I feel awful for her and am not sure what the best life I can provide her at this point? If people suggest the fish, what kind? Will she have the greater chance to be part of the gang with one type over another? I should also mention she was the most aggressive fish in her school when she did have friends.

Thanks in advance.


----------



## sschlesier (Sep 16, 2016)

I don't know about the invasive species thing, but I'm pretty sure I've seen them in multiple Vancouver shops over the last month or so.


----------



## kim86 (Sep 5, 2012)

They've been restricted and aren't supposed to be sold in BC anymore, so I have pulled them from my store's stock since a while back. 

As far as what fish would do well, and for similar looking, some kind of pencilfish may work.


----------



## Atom (Apr 21, 2010)

I think I saw some gold ones at Pet Habitat a month ago?

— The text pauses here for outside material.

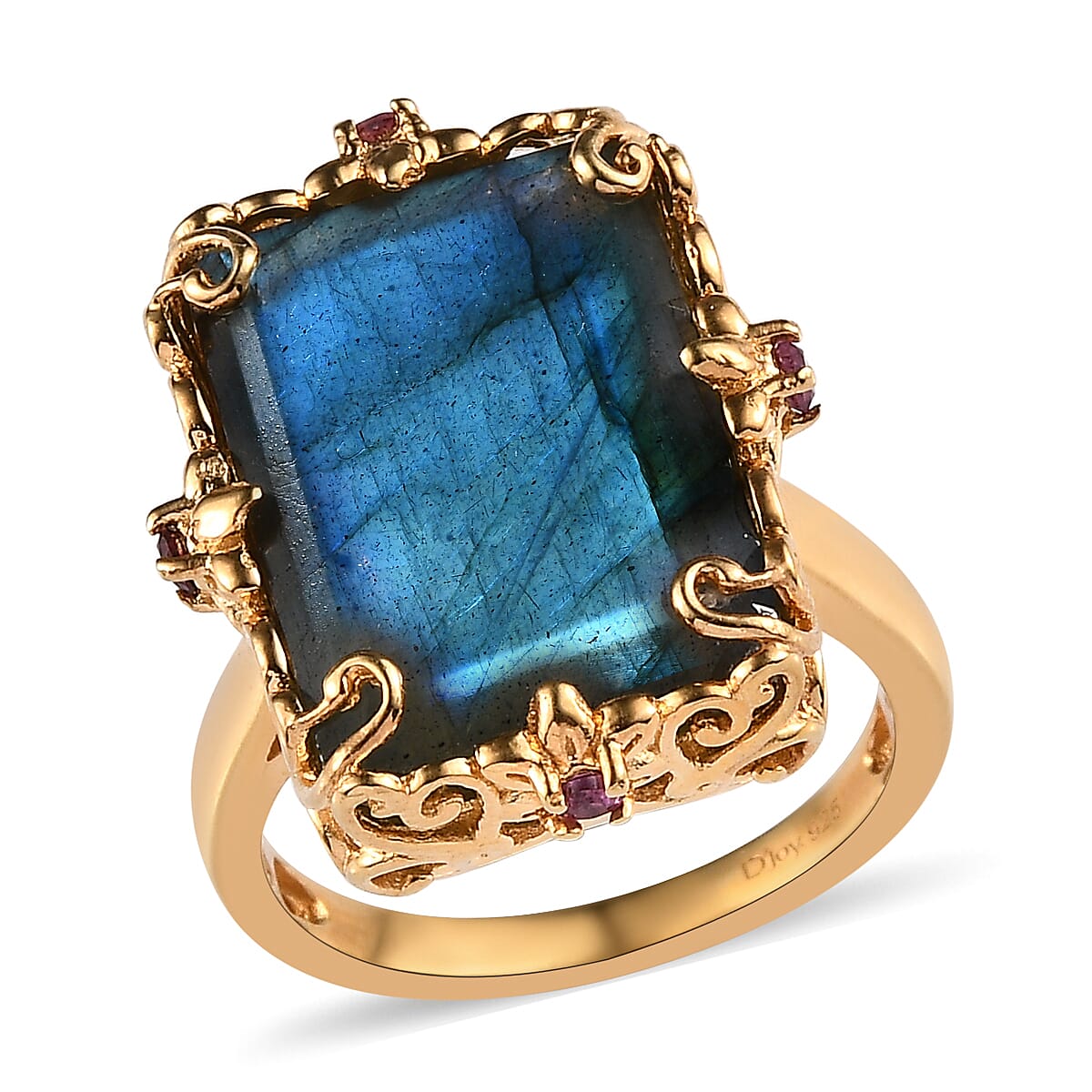 AAA Malagasy Labradorite and Orissa Rhodolite Garnet Ring in Vermeil YG Over Sterling Silver (Size 10.0) 14.25 ctw

Sent from my iPhone using Tapatalk


----------



## Jacksmom (Apr 11, 2016)

Thanks for the input guys. I went with a couple neon tetras and the minnow does seem a lot happier. He's active again I did look into the pencilfish and they did look very similar to my minnow but they are warm water fish from what I read and I didn't want to increase the minnows temperature since he's been through so much in the last months. The neon tetra's min temp and the minnow's max temp were in line so I met in the middle for them Not an ideal situation for any of them but the minnow's activity level has went back to a more normal range. I'm feeling a little better for him Thanks again.


----------



## funkycat (Nov 3, 2010)

Glad you solved the problem! 

Just FYI aquariums west had some White Cloud Mountain Minnows when i went in today


----------